Seppo left the hall, his tall frame vanishing into the dim-lit corridor.

Only then did Soren slip his hand into his pocket, fingers brushing the edge of a scarlet scrap. His lips tightened, then curved faintly.

He had noticed it earlier at the wash basin. On the cork board above, where the weekly menus and official notices always hung, a fresh pin caught his eye. Scarlet paper. It hadn't been there earlier at lunch. The marking on it was plain—one large circle, another smaller circle within, and a cross inside that. To most, meaningless. To him, unmistakable.

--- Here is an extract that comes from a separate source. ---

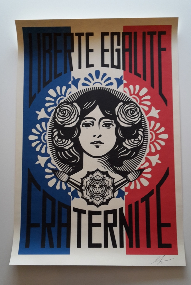 An original litho 'Liberté Egalité Fraternité' by the world-renowned US based artist Shepard Fairey aka "Obey Giant". Offset Lithograph on Cream Speckle Tone Paper Open Edition. Signed and dated 2021 by the hand of the artist. This print measures 61.0 x 91.4 cm (24 x 36)(WxH). In excellent condition. Sold without frame. Shepard - I created the Liberté, Egalité, Fraternité art piece to show support for France after the Nov. 13, 2015 terror attacks. The piece was very important to me as a symbol of unity during a dark, tragic moment. I was moved that the art and the message was inspiring for so many people in France, and beyond, and it has remained one of my most requested images since it was first created. Im excited to be releasing it now as an open edition offset print, accessible for all.

His chest had clenched, his breath caught, before softening into a smile.

The same spot.

No one else could have left it. No one else would have written to him in this way.

The linen bundle tucked beneath his arm, he stepped from the mess hall. Its lights dimmed to dark behind him as his boots carried him into the Compound's shadowed quiet, toward the secluded place where they had last spoken—before the Captain's arrival had cut their words short.